CRÓNICA DA CULTURA
Há alguns anos, quando o Luís visitava uma exposição de pintura ou outra que lhe agradasse, carecia de ver logo certos filmes, ler ou reler determinados livros e ir a alguns espetáculos. Depois almoçávamos no restaurante do costume e quase em silêncio. Junto ao momento do café, normalmente o Luís respirava fundo e perguntava: vamos conversar?

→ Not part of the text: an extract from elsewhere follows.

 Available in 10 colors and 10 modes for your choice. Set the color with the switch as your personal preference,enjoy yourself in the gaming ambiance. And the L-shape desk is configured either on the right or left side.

- Pois é, há uns dias a esta parte, olha, desde a nossa visita à exposição x, que vejo que a vida se tem aproximado dos fundamentos daquilo a que chamaria uma cultura tradicional, uma cultura mole, assente na bancarrota da criação. Quase tudo é pouco mais do que uma forma de entretenimento secundário, ideias, ideais e valores e artes tudo numa dimensão comestível e confinada ao público que se diz de elite pensante. Depois, basta que estes digam que sim que o paladar é agradável, e transborda o êxito e a influência para o conjunto da sociedade. Deste modo chega-lhes também um sentido da vida e uma razão que entendem superior, uma razão até de mecenas e que transcende o mero bem-estar material. Pois é! Nunca se esteve tão desconcertado, sobretudo em relação às razões básicas, sem as quais o norte é a mera sobrevivência. Até a responsabilidade é volúvel e as ideias de progresso enganosas. Que fazer?

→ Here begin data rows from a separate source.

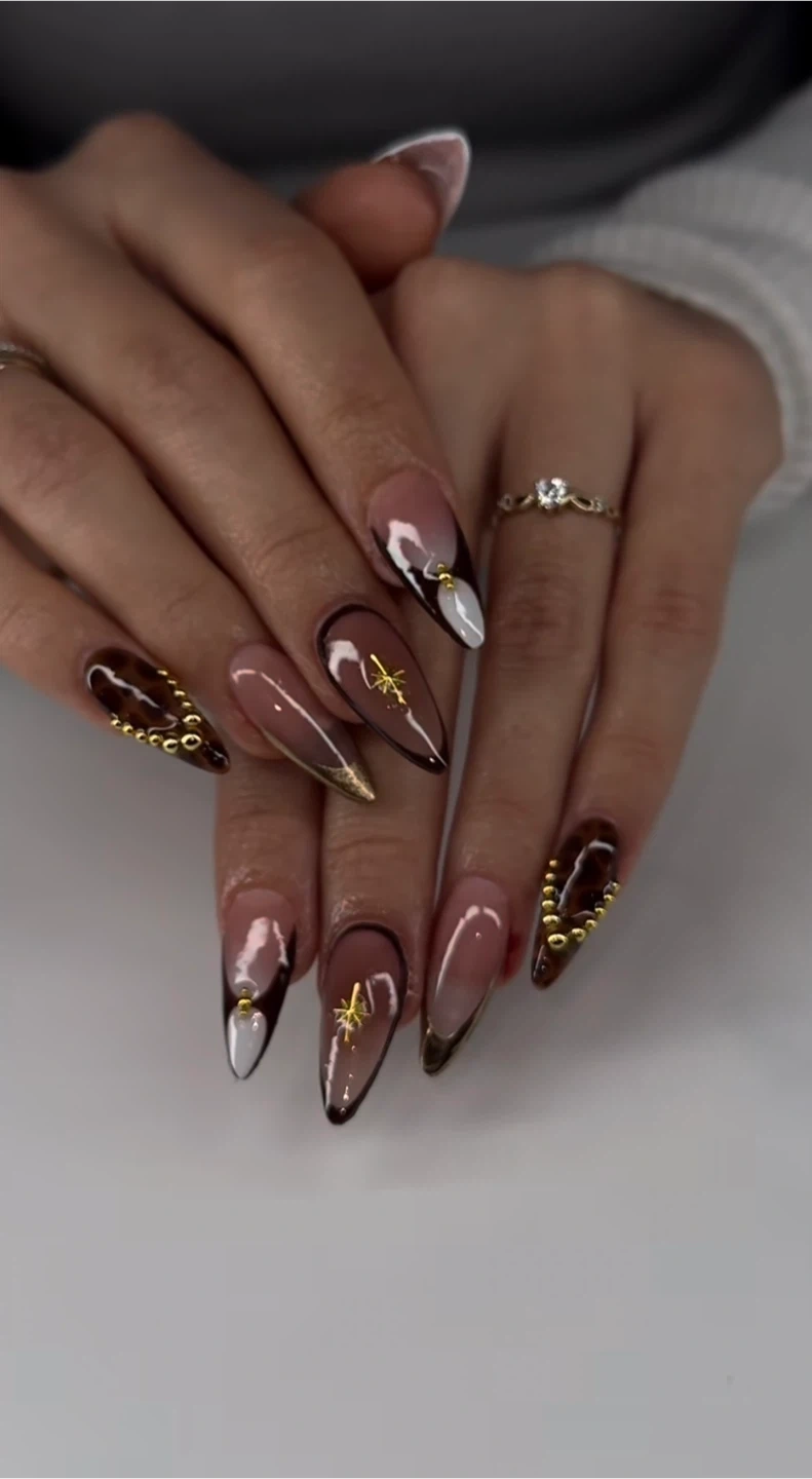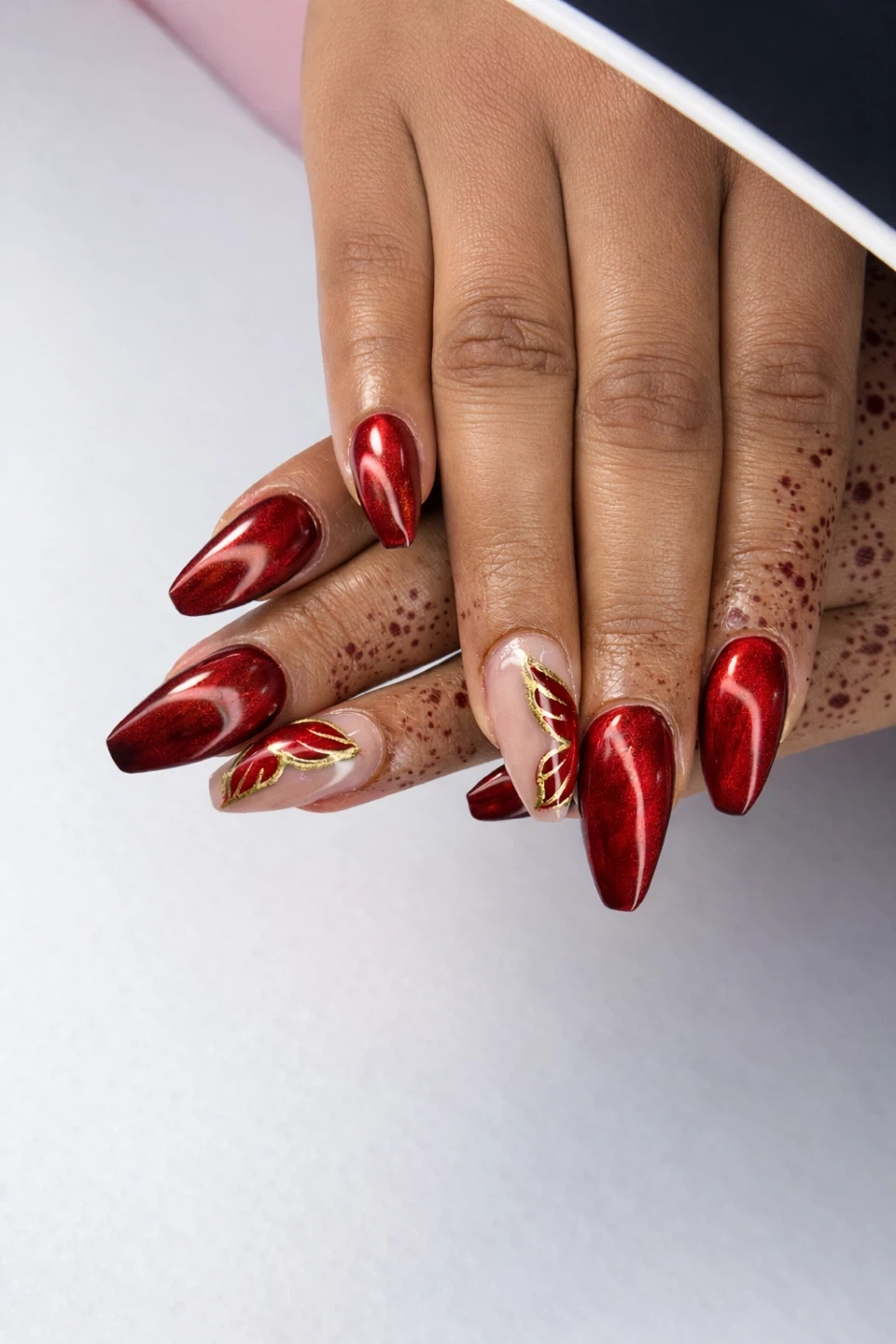 Acrylic nail designs including red metallic, floral, polka dot, and brown/gold abstract styles. Each set offers a unique look for your nails.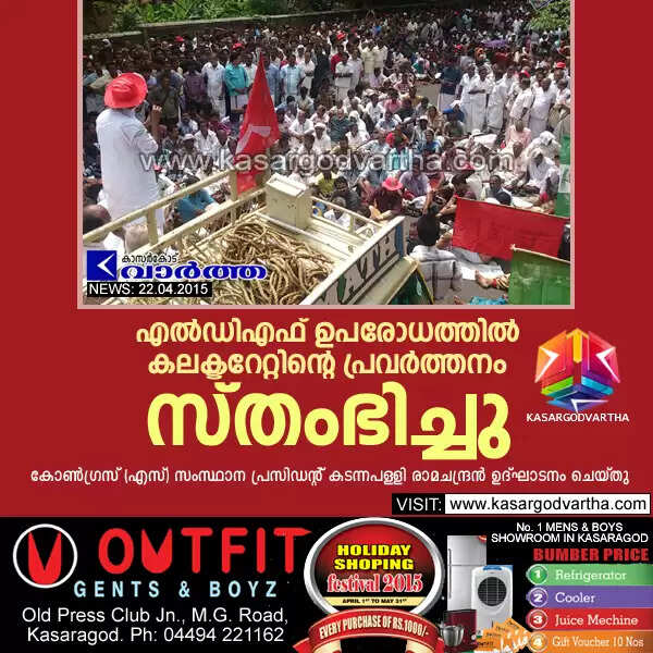Keywords : Kasaragod, LDF, Protest, Collectorate, Kerala, UDF, MLA, KM Mani, LDF protest before collectorate.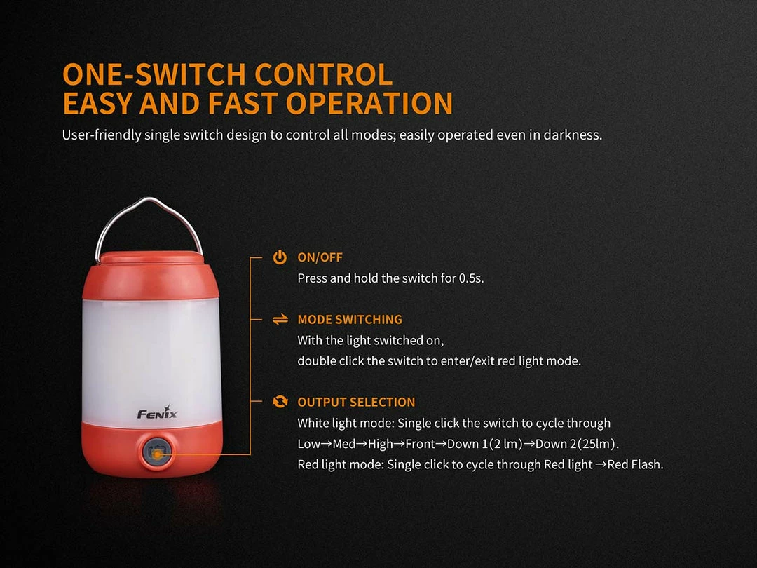 The Fenix CL23 Lantern is a multi-directional, lightweight camping lantern. Powered by AA batteries this lantern delivers a max output of 300 lumens—plenty of light to illuminate your entire campsite. A unique feature of the lantern is the multi-directional lighting modes—three brightness levels of 360° light, a front light and two brightness levels of down light. Don’t have enough batteries? Power the CL23 with only one or two batteries in an emergency situation. Durable and rain-resistant this lantern a perfect camp companion.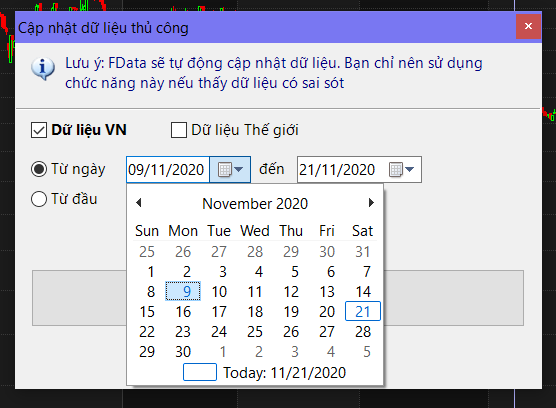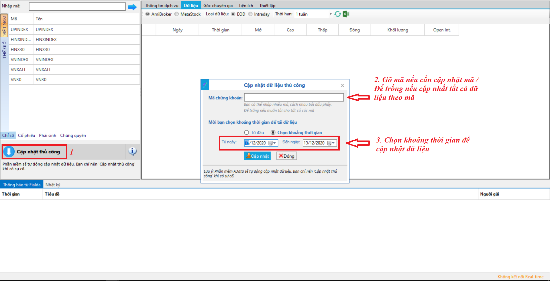 Ngoài ra, các thao tác cập nhật dữ liệu cho MetaStock (trong trường hợp dữ liệu bị lỗi, hoặc cần cập nhật danh sách mã mới) cũng cần thực hiện trên FData (phần cập nhật thủ công).

- Pois não sei, respondi. Sempre pensei que a razão última da cultura era dar uma resposta cabal a esse tipo de perguntas. Ainda assim desconheço se a clonagem não se voltou apenas para os grupúsculos vaidosos dos intelectuais de instantâneo.
Luís sei que sabes que os enclaves da vergonha feliz, se instalaram na opulência da ignorância e há muito que se sentem lá bem. Talvez por isso as pessoas virem costas à dureza dos tempos e aos hífens do ato de criar. Não sei, mas não é só por aqui que tudo passa. Os paraísos artificiais das vidas de cada um são tidos por boa marijuana que proporcionam boas e constantes férias do dia-a-dia.

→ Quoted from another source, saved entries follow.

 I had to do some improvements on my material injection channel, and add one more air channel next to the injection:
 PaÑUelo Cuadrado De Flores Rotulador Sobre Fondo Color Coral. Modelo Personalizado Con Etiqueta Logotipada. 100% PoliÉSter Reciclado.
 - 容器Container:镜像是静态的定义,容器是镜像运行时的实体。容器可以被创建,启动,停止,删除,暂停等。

- Continuando nos pois, pois, amanhã, e aproveitando estarmos aqui, vamos à exposição de Goya e, se estás de acordo, às seis da tarde não perdemos Mahler. Não podes ficar o resto da semana? É tão grande a solidão que tenho sentido. Desculpa ter dito. Não me quero em lamentos, todavia é muito bom conversarmos. Sabes? lembro-me constantemente de duas coisas: do medo e da felicidade. Custa-me dormir.